Judgment B _f ⁱ⁺¹ -B _f ⁱ If < ε is true, if B _f ⁱ⁺¹ -B _f ⁱ If < epsilon is true, let B _f ＝B _f ⁱ⁺¹ Obtaining B _f If B is finished, entering step B _f ⁱ⁺¹ -B _f ⁱ If the epsilon is not over, making i = i +1, and returning to the step one; b, obtaining longitude and latitude coordinates (LAT) of the data origin (0, 0) through an LON calculation formula and a latitude LAT calculation formula ₀ ,LON ₀ ) (ii) a Substituting the coordinates (x, y) of the diffusion point in the longitude LON calculation formula and the latitude LAT calculation formula to obtain (LAT) _i ,LON _i ) (ii) a Let the accident point in the world coordinate system simulation scene be (LAT) _s ,LON _s ) Then, the world coordinate system coordinates of the diffusion point are: LAT' = LAT _i -LAT ₀ +LAT _s ，LON'＝LON _i -LON ₀ +LON _s 。

The technical scheme is as follows: the world coordinate system coordinates of the diffusion points can be quickly and accurately converted.

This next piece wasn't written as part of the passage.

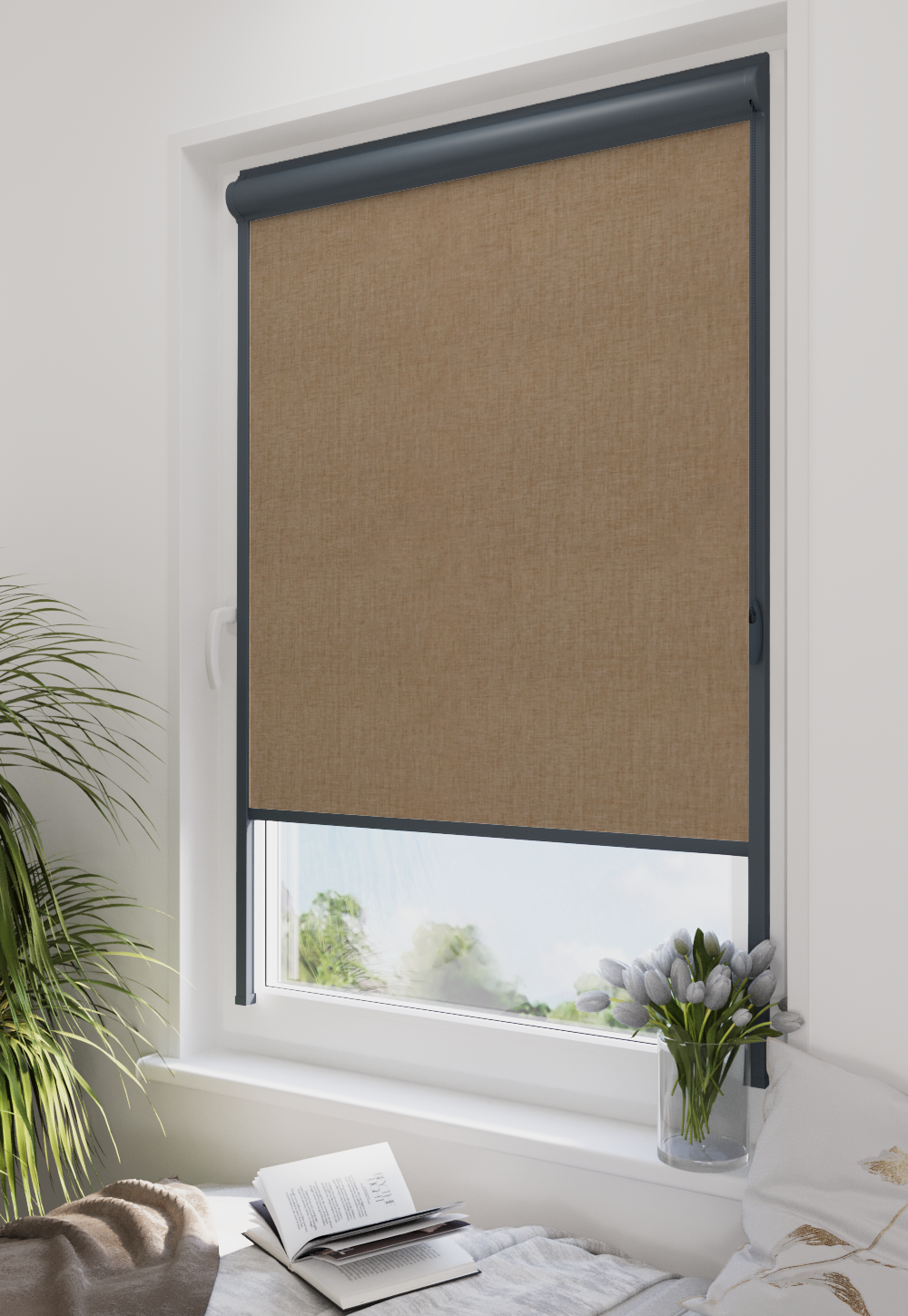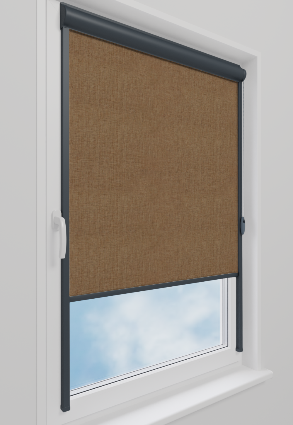 Roleta w kasecie LORD Tkanina Blackout 0015 Jasny brąz melanż – kaseta antracyt

In a preferred embodiment of the present invention, the process of matching the color array based on the density values of the 3 vertices of the triangular patch in step S3 includes: establishing a plurality of color arrays and a plurality of gas concentration ranges, wherein the color arrays correspond to the gas concentration ranges one by one, and the color arrays are represented as [ R, G, B, A ], wherein R, G and B represent three primary color components of colors, and A represents the transparency of the colors; and taking the color array corresponding to the gas concentration range in which the 3 vertex concentration values of the triangular patch are located or the gas concentration range in which the average value of the 3 vertex concentration values is located as the color array matched with the triangular patch.

The technical scheme is as follows: and generating an isosurface primitive, which is beneficial to gas diffusion evaluation.

In order to achieve the above object, according to a second aspect of the present invention, there is provided a gas diffusion visualization system, including a gas diffusion parameter obtaining module, a processor and an OSG platform, wherein the processor is connected to the gas diffusion parameter obtaining module and the OSG platform respectively; the processor executes the gas diffusion visualization method, inputs the vertex data of all the triangular surface patches and the color array corresponding to each triangular surface patch into the OSG platform, and the OSG platform performs rendering processing and displays the rendering processing result.

The technical scheme is as follows: a plurality of diffusion points with equal intervals are produced on the gas diffusion surface to be observed, the visualization detail precision is determined by the intervals among the diffusion points, and the smaller the interval among the point data is, the higher the visualization precision is; based on the equidistant position relation of the diffusion point data, the vertex indexes of the triangular surface patch can be quickly and simply obtained, and the complex calculation for calculating the vertex index array is saved; the OSG platform is a three-dimensional digital earth engine library developed based on a three-dimensional engine OSG, can realize a three-dimensional virtual earth, can truly render the landform and the landform of a smoke diffusion environment, carries out color rendering through vertex data of triangular surface patches and color arrays matched with each triangular surface patch to generate equivalent surface primitives, completes visualization of the point data in the OSG, can more visually display the pollution range of smoke, realizes more realistic simulation, and is favorable for evaluating pollution.

Drawings

FIG. 1 is a schematic flow chart of a method for visualizing gas diffusion according to an embodiment of the present invention;

FIG. 2 is a schematic illustration of a gas source in accordance with one embodiment of the present invention.

Detailed Description

Reference will now be made in detail to embodiments of the present invention, examples of which are illustrated in the accompanying drawings, wherein like reference numerals refer to the same or similar elements or elements having the same or similar functions throughout. The embodiments described below with reference to the accompanying drawings are illustrative only for the purpose of explaining the present invention, and are not to be construed as limiting the present invention.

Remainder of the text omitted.